How has my personal experience, the performance of our retirement assets effected my attitude towards retirement investment?  First;  I could actually now "be" retired. I might "un-retire", but the right circumstance may not evolve to bring me back to earning a wage adequate to fully support our current obligations. Second; Our retirement assets have proven themselves capable of supporting a modest draw and have still grown satisfactorily.  Third; nothing has changed with respect to the value of a dividend growth approach to equity investing. Will I return to self-directed investing. In spite of substantial management fees, it's not likely that I will fire the managers at this point. I have a Roth IRA still under self direction in a Fidelity account that doubles as an emergency fund, since I can withdraw from it without penalty or tax obligation if absolutely necessary. I did, in fact, draw on it when we loaned our business the purchase price ($55,000). The business is paying it back via a 5 year note at 6% interest. 

For 22 years, I maximized pre-tax 401k investing. That asset now provides nearly 1/3 of our monthly net income.  For 27 years and counting, I have contributed to a whole life policy that is now mature. Premiums are paid from the investment returns from the cash value. All insurance premiums are paid from passive income. The disability policies are paying the taxable equivalent of a 6 figure salary, projected to last until age 65 and beyond. The transition from savings contributions to savings distribution is a reasonably complex, unexpectedly early development. I believe I have 7-12 years of remaining useful professional life, health and motivation allowing. Sometime in the next 12-15 months, I need to figure out that issue, as it will directly effect how we behave once the 72t distribution phase comes to term. 

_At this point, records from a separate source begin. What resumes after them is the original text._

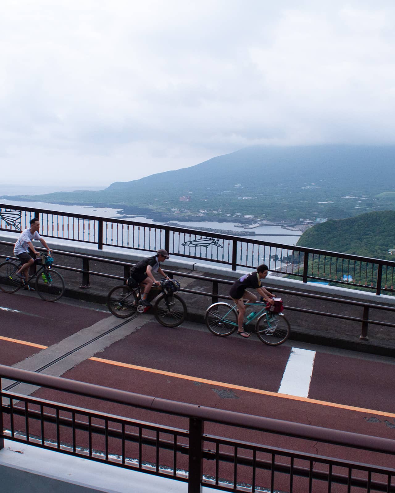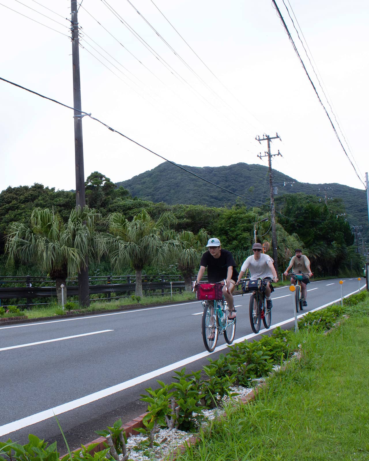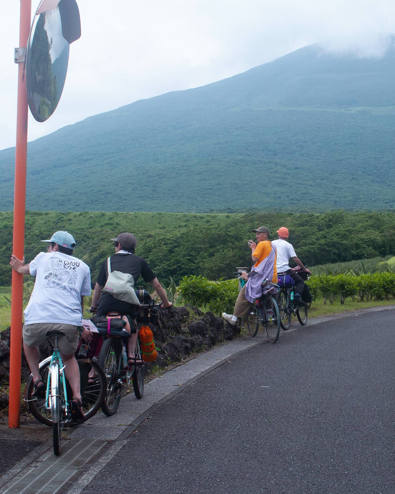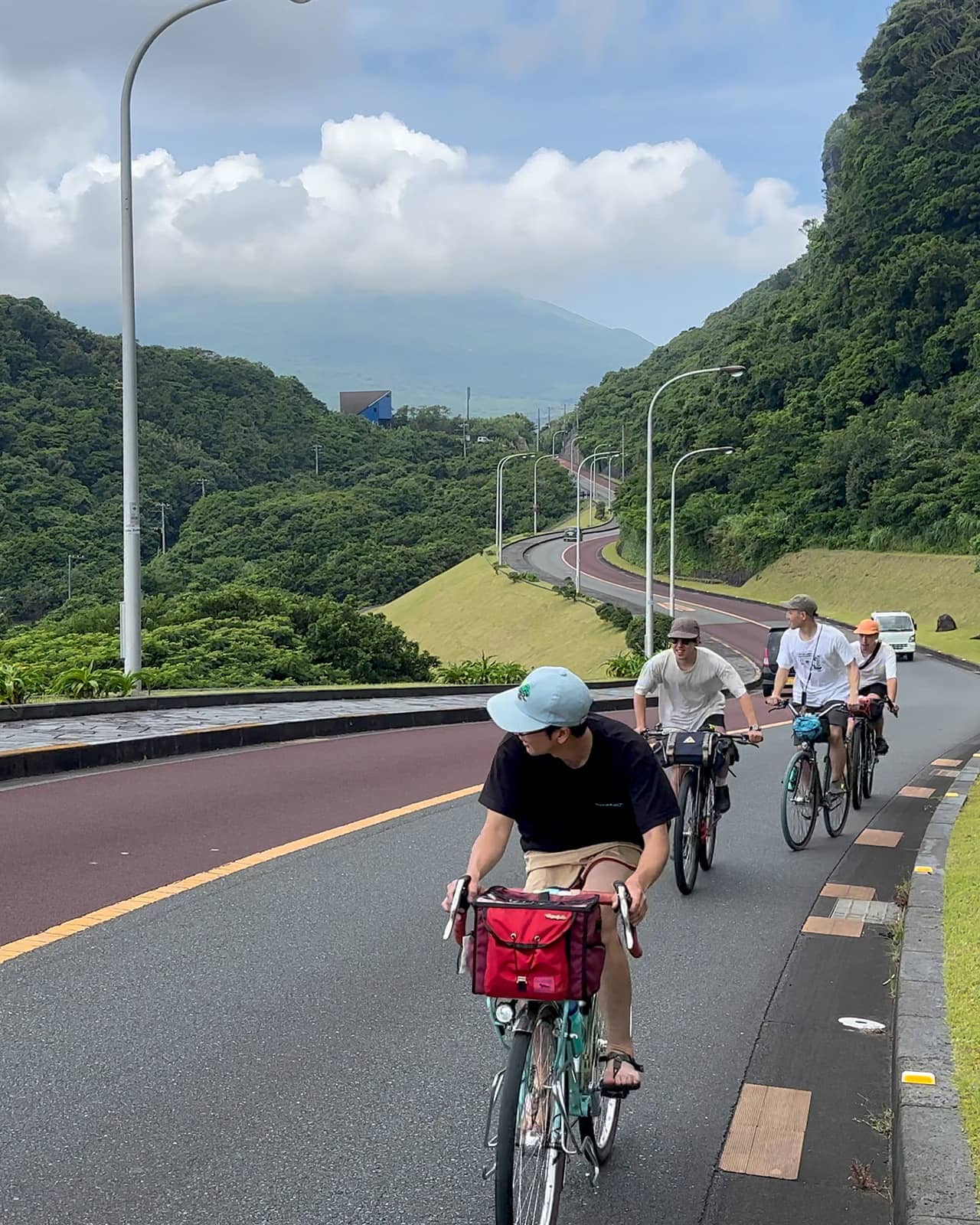 We arrived at Hachijojima Island at 8:00 a.m. As the ferry approached the island. After we lined up our bikes and took some photos, as if we were a group of teenagers, it was time to start pedaling.
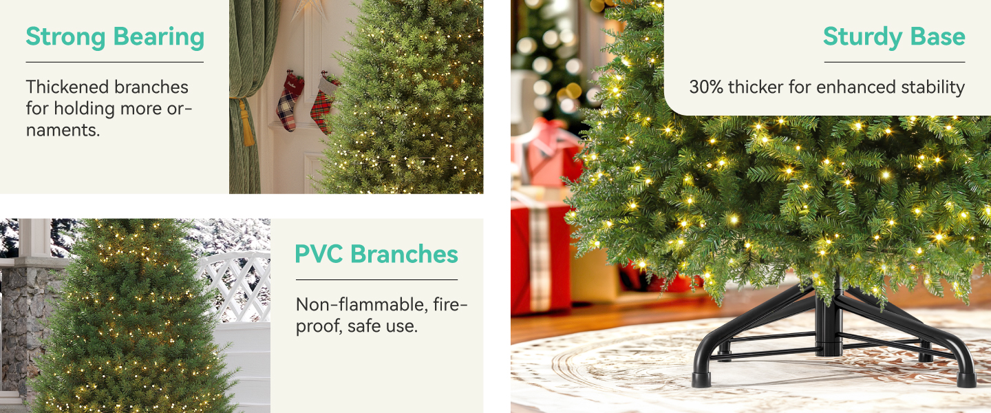 Crafted with a strong X-shaped iron base, thickened leaves, and sturdy branches, this tree ensures lasting stability. It can easily hold your cherished ornaments, giving your holiday décor a personalized touch.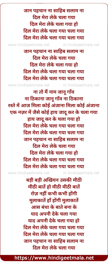 Lyrics of Jaan Pehchan Na Sahab Salam Na - जान पहचान ना साहिब सलाम ना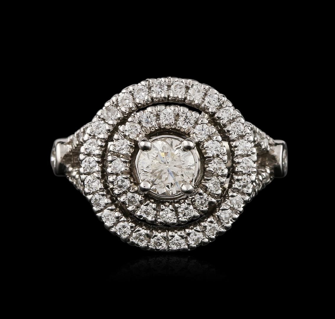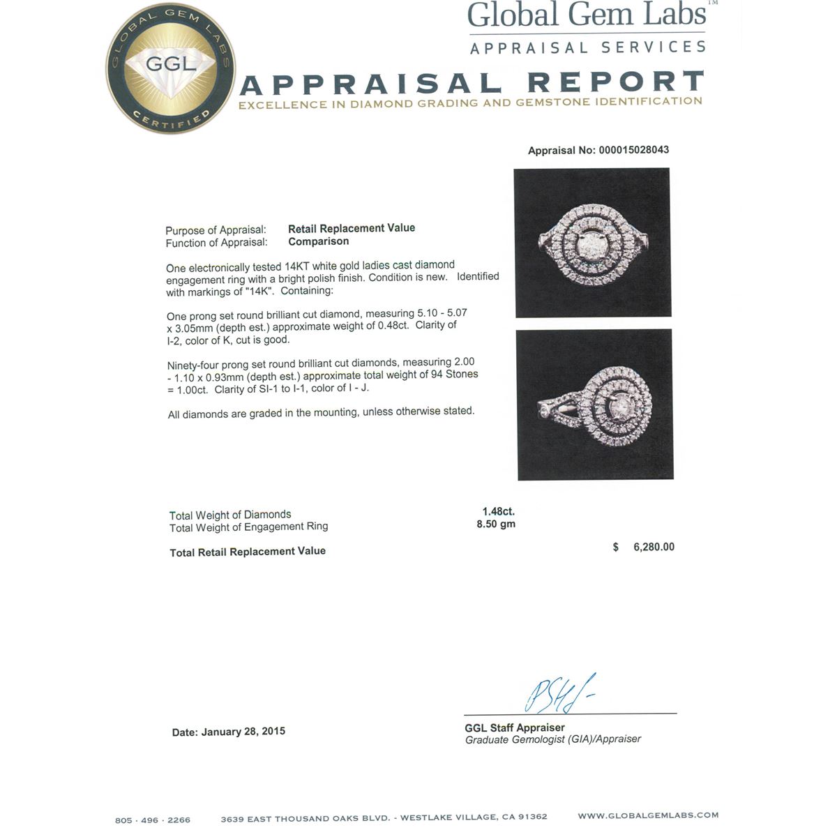 One electronically tested 14KT white gold ladies cast diamond engagement ring with a bright polish finish. Identified with markings of "14K". Condition is new. Containing: One prong set round brilliant cut diamond, measuring 5.10 - 5.07 x 3.05mm (depth est.) approximate weight of 0.48ct. Clarity: I-2. Color: K, Cut is Good. Ninety-Four prong set round brilliant cut diamonds, measuring 2.00 - 1.10 x 0.93mm (depth est.) approximate total weight of 94 Stones = 1.00ct. Clarity: SI-1 to I-1. Color: I - J. All diamonds are graded in the mounting, unless otherwise stated. Total Weight of Diamonds 1.48ct. Total Weight of Engagement Ring 8.50 grams. GGL Appraised at $6,280.00.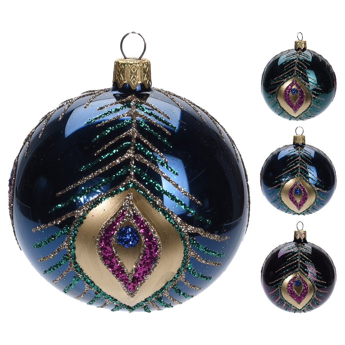 Γυάλινη μπάλα χριστουγεννιάτικη, με γκλίτερ σχέδιο ουρά παγωνιού, σε τρία γυαλιστερά χρώματα, πράσινο σκούρο, μπλε σκούρο και φούξια σκούρο, Φ10εκ,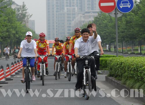 活动现场,浙大的学子们在校领导、大运局领导的带领下在长20.11米的大运条幅前签名合影,为2011年的深圳大运会送上了一份自己的祝福。在浙大宣传活动最后,郑强教授鸣枪宣布发车,并骑着自行车带领大运文化骑行队全体队员环游校园。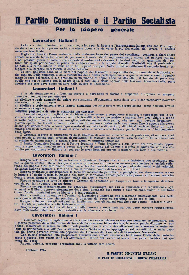da: Roberto Battaglia, Storia della resistenza italiana, Einaudi, 1964, pp. 184-190 Lo sciopero generale è una decisione fondamentale nella storia della resistenza.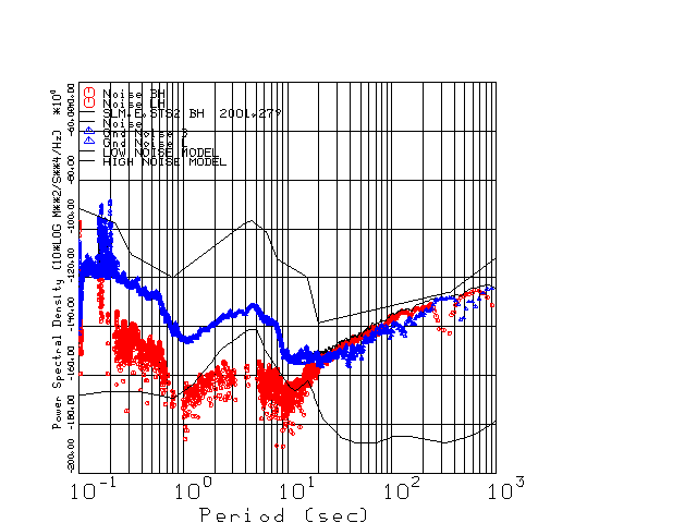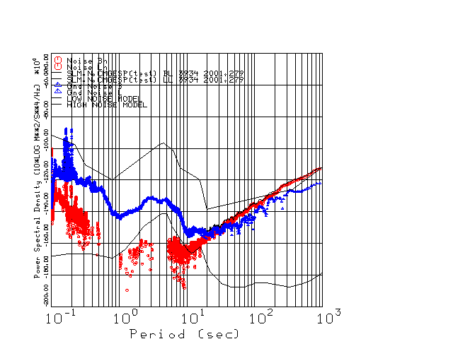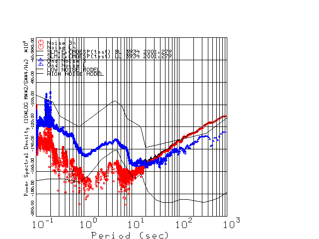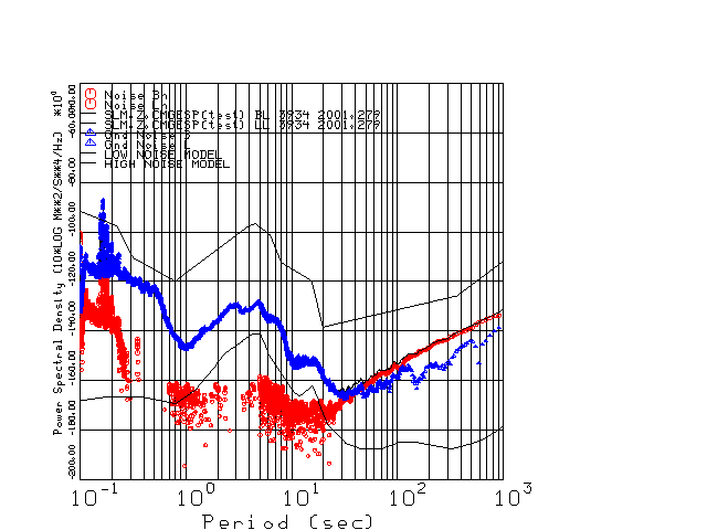 This page presents the results for Day 279 2001 and a direct comparison of the STS-2 to CMG3-ESP SN 3934 L channel). because of low teleseismic activity. 17 data segments are usually taken hourly starting at 0000 through 1700. 8192 time samples are used (~90 sec for 20 sps data stream) and 8192 sec for the 1 sps data stream. The noise results from the 20Hz and 1Hz data streams overlap at a 10 second period.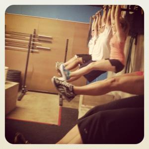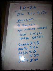 If that doesn’t make sense this will. We had 3 minutes to run 400m then bust out as many Double Unders as possible with remaining time. Then rest 1 minute before going on to round 2 and 3. Well, well, well. This girl sucks at running but I thought I can sprint this out right? So I took off! and that lasted 20 seconds if that. And I had to shift back down to a non sprint mode. Made it back in 2:00. That’s a whole minute for DUs but my legs were super tired and didn’t want to work properly. I think I got 40 DUs that first round. After the minute rest I figured I’ll start off like I did in round 1 but that turned out to hurt me. Something pulled in my inner thigh and I was not moving fast at all. It wasn’t the kind of pain that brings you crying to the ground but it’s uncomfortable and hurts with every step now. It however did not hurt when doing DUs. Needless to say I came back much slower with only 40 seconds to get some DUs in. I got somewhere into the 20s but nothing allstar. For the 3rd run, I could definitely feel this pulled whatever and took it slow from start to finish. I still came back with 30 seconds left on the clock and was able to string together more DUs than I did in round 2. I finished with a score of 96. Now lets hope this leg thing doesn’t hinder the rest of my week!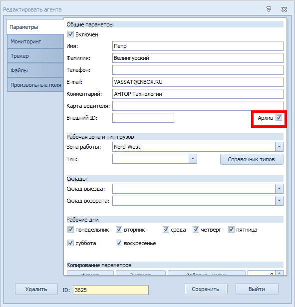 Начиная с версии 2.8.35.23242, в программу добавлен статус агента - "Архивный". Данный статус присваивается агенту при установке чекбокса в поле "Архив" таблицы "Агенты" или в диалоге "Редакировать агента". Агенты со статусом "Архивный" не отображаются в таблице "Агенты" в режиме "Логистика", но остаются в системе и доступны для дальнейшей работы. Для отмены статуса "Архивный" достаточно снять чекбокс в поле "Архив" в диалоге "Редактировать агента".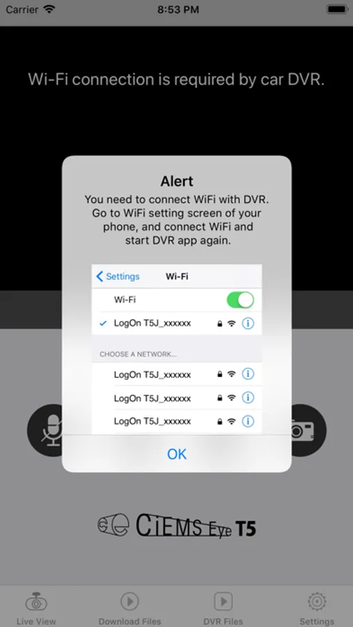 This app can play live video feed and recored files from Wi-Fi enabled Car CiEMS_Eye T5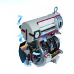 De Amphitec® roots blower 11000 pomp voorziet de machine van luchtstroom voor zuig- en blaaswerkzaamheden. Dit type pomp is door haar brede scala van toegestane pompsnelheden uniek onder de diverse pomp modellen. Een laag toerental voor blaaswerkzaamheden en hoger haalbare toerentallen voor zuigwerkzaamheden. De pomp levert een theoretische maximale luchtstroom van 11000 m3/u resulterend in een hoge pickup snelheid om deeltjes mee te nemen in de luchtstroom tijdens zuigen. De eigenschap van de Amphitec® roots blower 11000 om een diep vacuum te halen (96% onderdruk), maakt optimaal pneumatisch transport door de slang mogelijk. In het bijzonder is dit noodzakelijk voor het efficiënt zuigen van zware producten en sludges. Verblazen van product wordt gedaan met een maximale overdruk van 1,0 bar en een luchtstroom van 2500 m3/u.
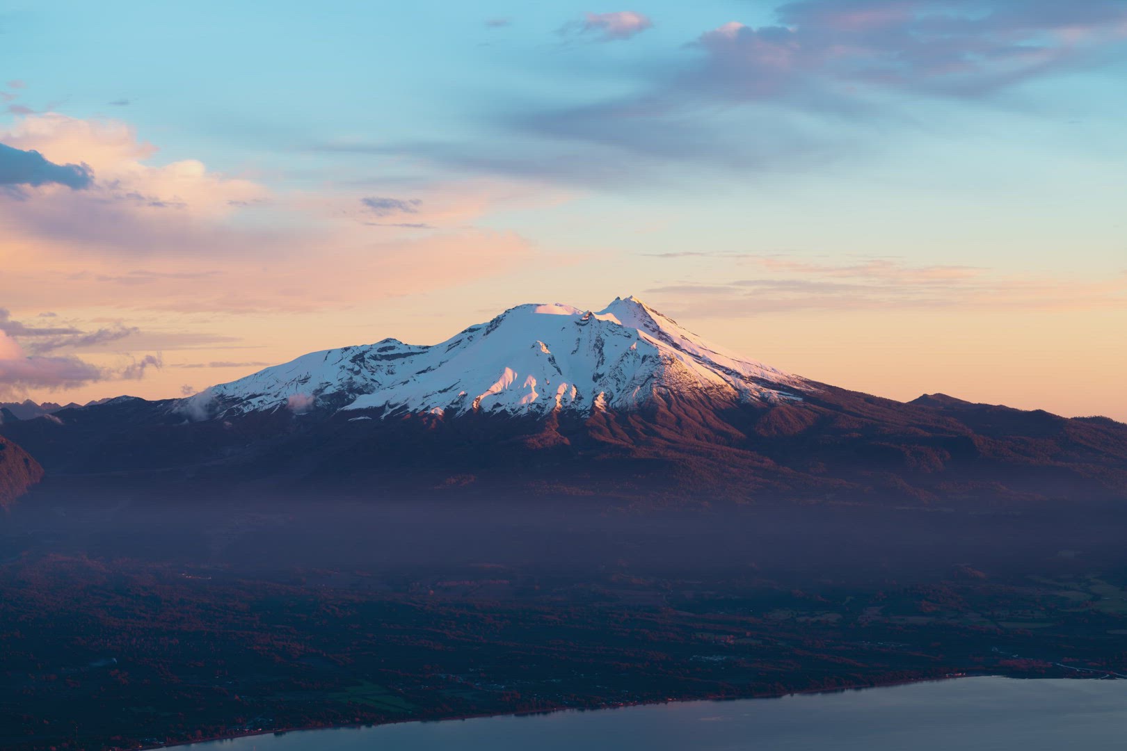 > Time-lapse colors of the sun setting over the Osorno Volcano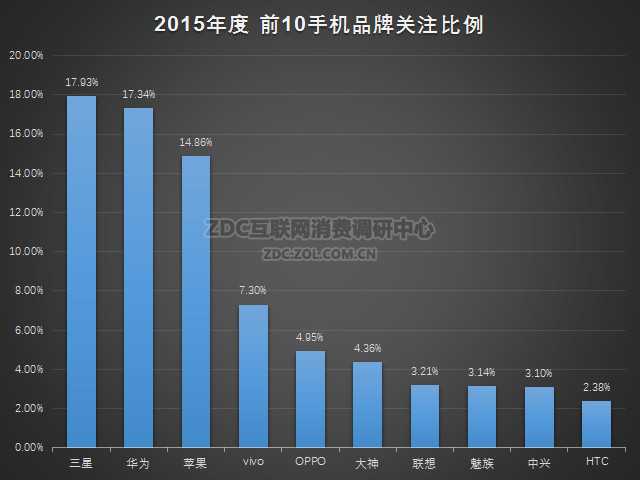 ZDC统计数据显示,2015年度中国手机市场上,三星以17.93%的关注比例成为用户关注度最高的品牌。华为紧随其后,关注比例为17.34%,仅落后0.59个百分点。苹果位居第三,关注比例接近15%。排在第四至第十的品牌关注度分布在2%-8%之间,差距较小。vivo在第二阵营中关注比例优势较为明显。

Nothing has fundamentally changed in the mathematics of dividend investing with DRIP as a means of generating a growing flow of passive income. DI/DRIP survived and thrived through the Great Recession a decade back. We're in a hyper-growth, possible bubble phase on Wall Street, without any current sign of runaway inflation, YET...The government continues to spend our children's tax money, but the emphasis is on recovery from the pandemic and infrastructure investments, which are both good for the economy in the short and long term, as long as we keep a wary eye out for early signs of overheating and and inflation. My personal objective is to find meaningful public engagement(s) that allow, even emphasize, wellness as a primary benefit of the commitment. No nights, no weekends, health benefits and intrinsic joy in participation are the first screening factors in my search.